Briley Township is a civil township and county seat of central Montmorency County, Michigan, United States. At the 2020 census, the township population was 1,697.

== History ==

The township was founded by the Briley family, many of whom are buried in the Briley Cemetery in Atlanta.

==Communities==
- The community of Atlanta is located primarily within the township.
- Big Rock is a former village in the western part of the township that had a post office from March until October 1882.

==Geography==
The township is in central Montmorency County. Highways M-32 and M-33 meet in Atlanta along the eastern edge of the township. M-32 leads east to Alpena and west to Gaylord, while M-33 leads north to Onaway and south to Mio.

According to the U.S. Census Bureau, the township has a total area of 70.3 sqmi, of which 68.4 sqmi are land and 2.0 sqmi, or 2.82%), are water. The Thunder Bay River drains the southern portion of the township, while tributaries of the Black River drain the northern portion.

==Demographics==
As of the census of 2000, there were 2,029 people, 889 households, and 590 families residing in the township. The population density was 29.7 PD/sqmi. There were 1,530 housing units at an average density of 22.4 /sqmi. The racial makeup of the township was 97.83% White, 0.44% African American, 0.44% Native American, 0.25% Asian, and 1.03% from two or more races. Hispanic or Latino of any race were 0.69% of the population.

There were 889 households, out of which 23.8% had children under the age of 18 living with them, 53.3% were married couples living together, 9.8% had a female householder with no husband present, and 33.6% were non-families. 29.5% of all households were made up of individuals, and 13.8% had someone living alone who was 65 years of age or older. The average household size was 2.26 and the average family size was 2.74.

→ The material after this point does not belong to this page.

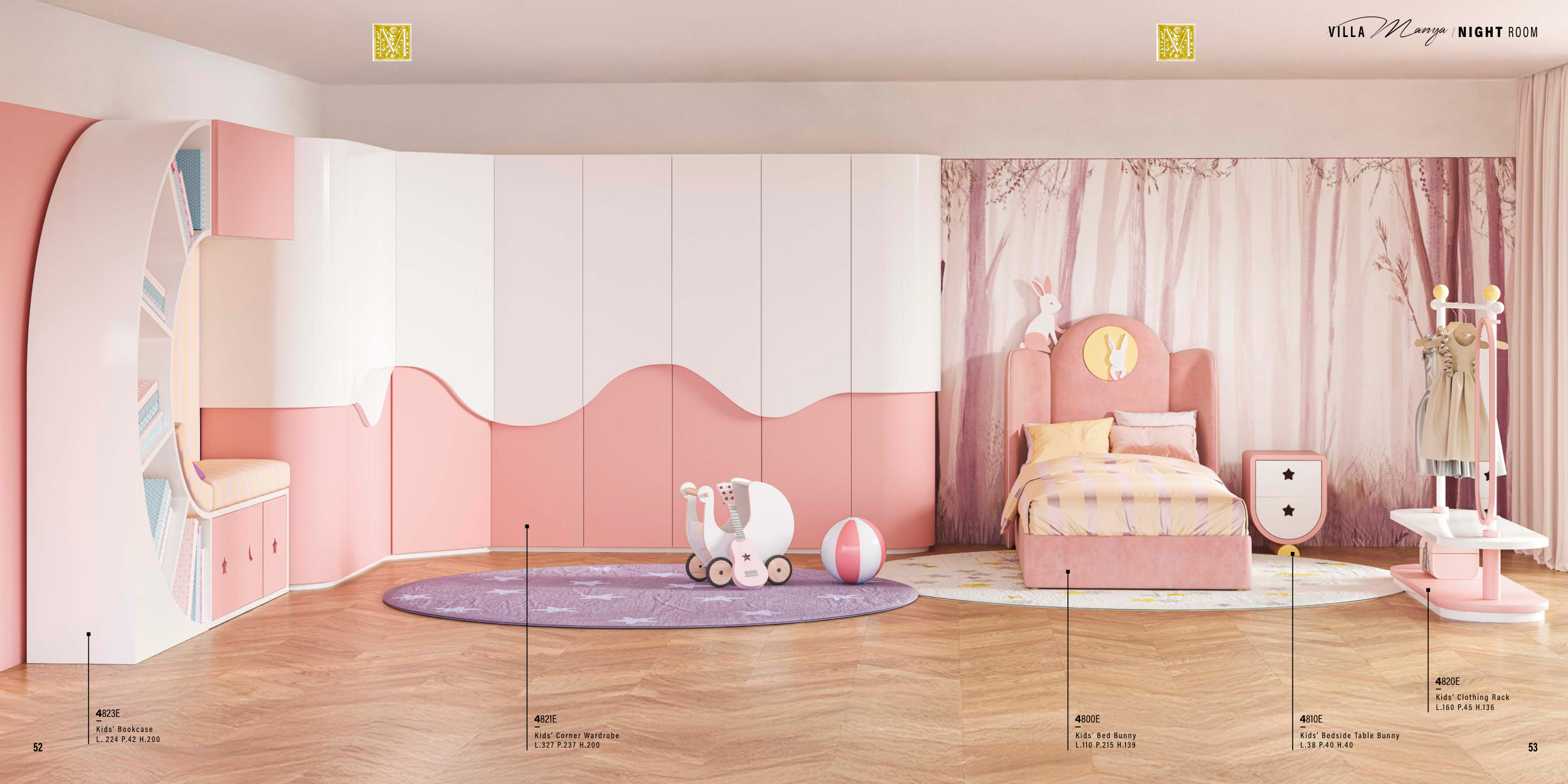 4800E Kids’ Bed Bunny L .110 P.215 H.139 4821E Kids’ Corner Wardrobe L .327 P.237 H.200 4810E Kids’ Bedside Table Bunny L .38 P.40 H.40 4820E Kids’ Clothing Rack L .160 P.45 H.136 4823E Kids’ Bookcase L . 224 P.42 H.200 V I L L A Manya / NIGHT ROOM 53 52

In the township the population was spread out, with 20.5% under the age of 18, 6.8% from 18 to 24, 22.7% from 25 to 44, 29.5% from 45 to 64, and 20.6% who were 65 years of age or older. The median age was 45 years. For every 100 females, there were 91.2 males. For every 100 females age 18 and over, there were 93.3 males.

The median income for a household in the township was $27,264, and the median income for a family was $34,620. Males had a median income of $30,509 versus $19,875 for females. The per capita income for the township was $15,906. About 14.4% of families and 18.5% of the population were below the poverty line, including 31.8% of those under age 18 and 10.7% of those age 65 or over.